Even more unexpected is the space Friedman gave to occupational licensing, which legal scholars had more or less ignored since Ernst Freund’s Administrative Powers over Persons and Property (1928). Not only did licensing laws construct the markets in which contracting took place; by Friedman’s third period, they backstopped the interests of consumers.
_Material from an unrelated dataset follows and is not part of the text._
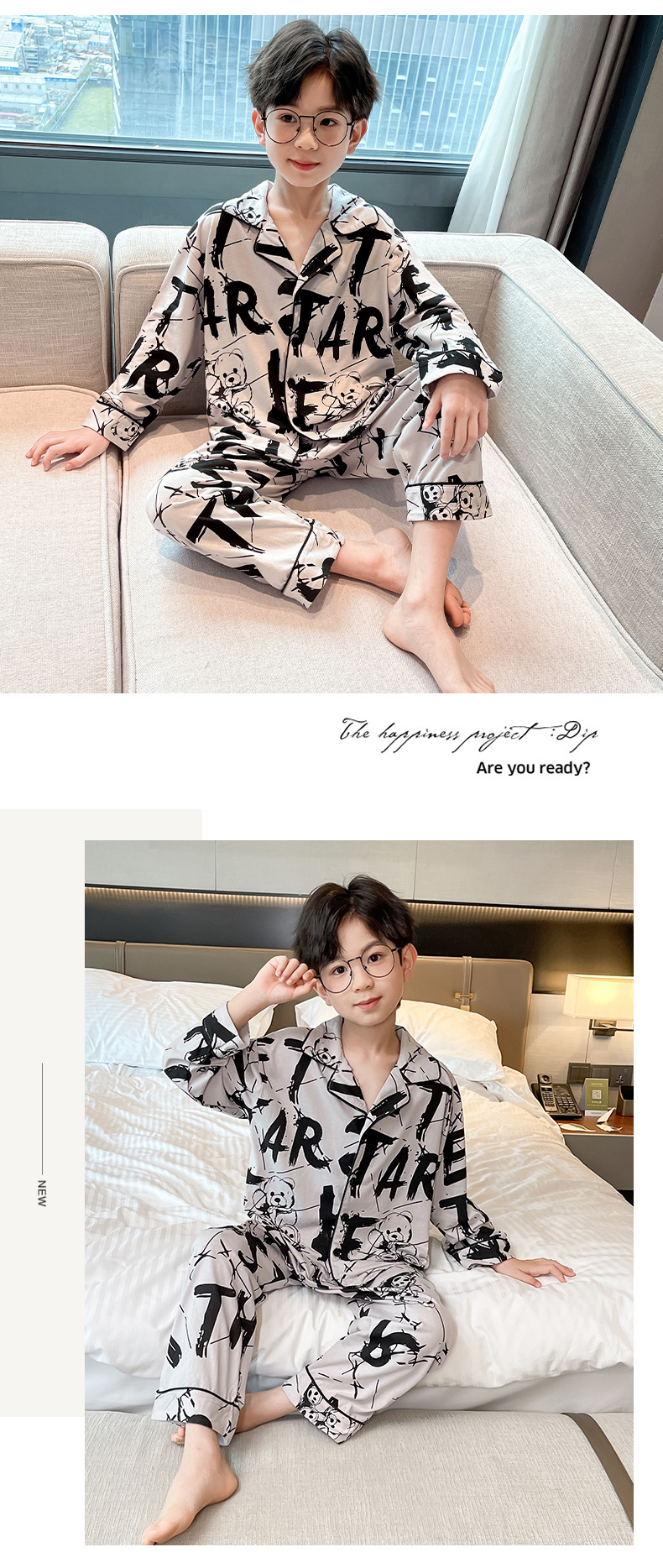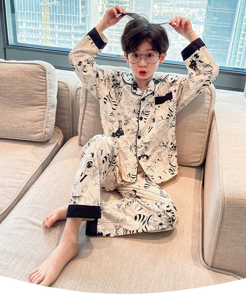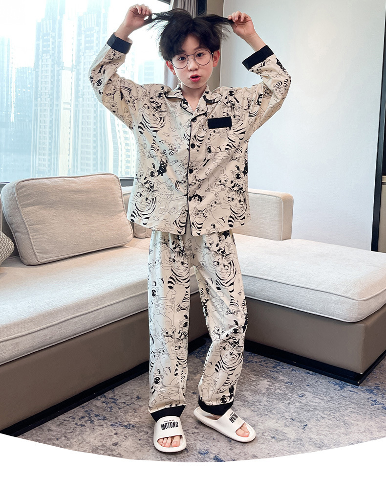 남아 순면 잠옷 봄 가을 긴팔 2025 신상 멋진 아동 홈웨어 남자아이 봄옷 큰아이 봄옷스토어 가기

After noting that “an auto dealer’s license might be revoked for willful ‘failure to perform any written agreement with any retail buyer,’” he brought his point home with a dagger thrust to one of a doctrinally oriented Contracts scholar’s more sacred cows. “Holmes said, in 1897, that ‘The duty to keep a contract at common law means a prediction that you must pay damages if you do not keep it–and nothing else,’” Friedman wrote. “But the legislature did not read Holmes.”
Macaulay concludes his foreword with a tip for reading his friend and colleague: “If you keep in mind Friedman’s sense of humor well mixed with anger at stupidity that hurts people, you can understand him better.” Of the many reasons to discover or rediscover Contract Law in America, the chance to observe that sensibility at work is among the best.